= DATA PROVIDED =
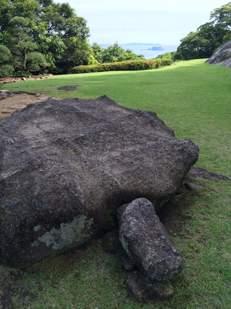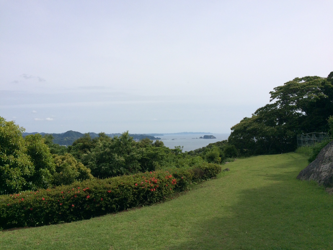 斎場御嶽のすぐそばのカフェの庭から臨む
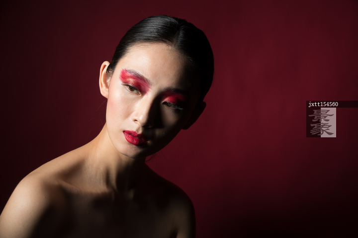 图片标题:     红色眼影彩妆美女
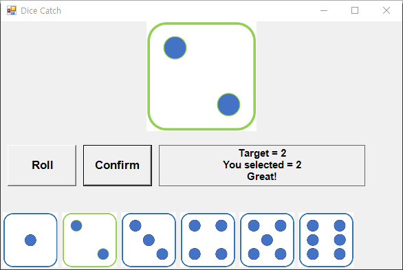 lbl_result.Text = "Target is set.\nChoose dice and click confirm button.";
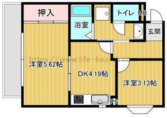 | 専有面積 | 37.54m2 ( 11.35坪 ) | 間取 | 2DK |

= EXERCISE BRIEF =
Would you retype each line above exactly and skip every image?

= THE ANSWER =
 斎場御嶽のすぐそばのカフェの庭から臨む
 图片标题:     红色眼影彩妆美女
 lbl_result.Text = "Target is set.\nChoose dice and click confirm button.";
 | 専有面積 | 37.54m2 ( 11.35坪 ) | 間取 | 2DK |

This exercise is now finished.